''' Copyright 2024 Infosys Ltd.
Use of this source code is governed by MIT license that can be found in the LICENSE file or at
https://opensource.org/licenses/MIT. '''
The Infosys Data Validation IDVeX (eXtensible) Framework is the next gen automation solution that streamlines and accelerates testing of data integration processes by offering a user-friendly, comprehensive and integrated web-based platform. It helps Data Testing professionals to do Data Quality analysis, field level exhaustive data comparison and automates analytics testing.
This is a Pure Play Automation Framework built on Open Source – Python and this code can be extended or customized based on needs.

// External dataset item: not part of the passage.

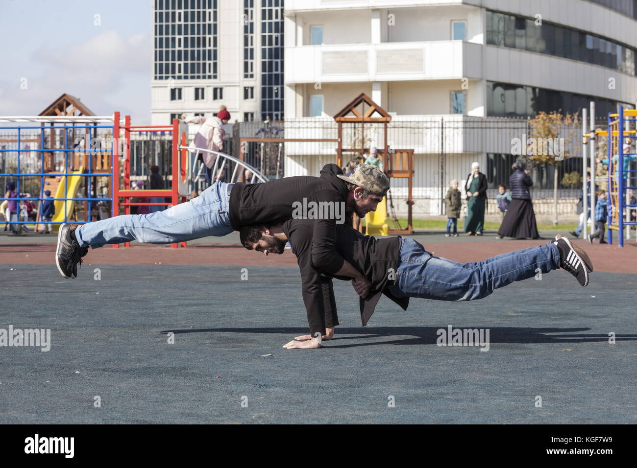 Grozny Russia October 28 2017 Traceurs Practice At A

- Swagger Documentation URL:
/docs
- Fast API Swagger Documentation. - Requirements.txt: - Libraries required by the app.
- Get Token For Authentication:
get_token/
- File to File Comparison:
file_to_file_comparision/
- File to Database Comparison:
file_to_db_comparision/
. - Database to Database Comparison:
db_to_db_comparision/
- PDF to Text Conversion:
pdf_to_text_conversion/
- Data Profiling:
data_profile/
- Data Quality Checks:
data_quality_checks/
- Data Generator:
/generator/generate_dataset/
- File Conversion to CSV:
convert_to_csv/
- Cleanup Temporary files:
delete_all_tempfiles/
- Clone this repository to your local machine.
- Navigate to the project directory.
- Change the variable values for PROJECT_PATH and ENV_PATH with the project path and the path to the virtual environment(p.s in case the environment doesnot exist it will create a new one at the given path)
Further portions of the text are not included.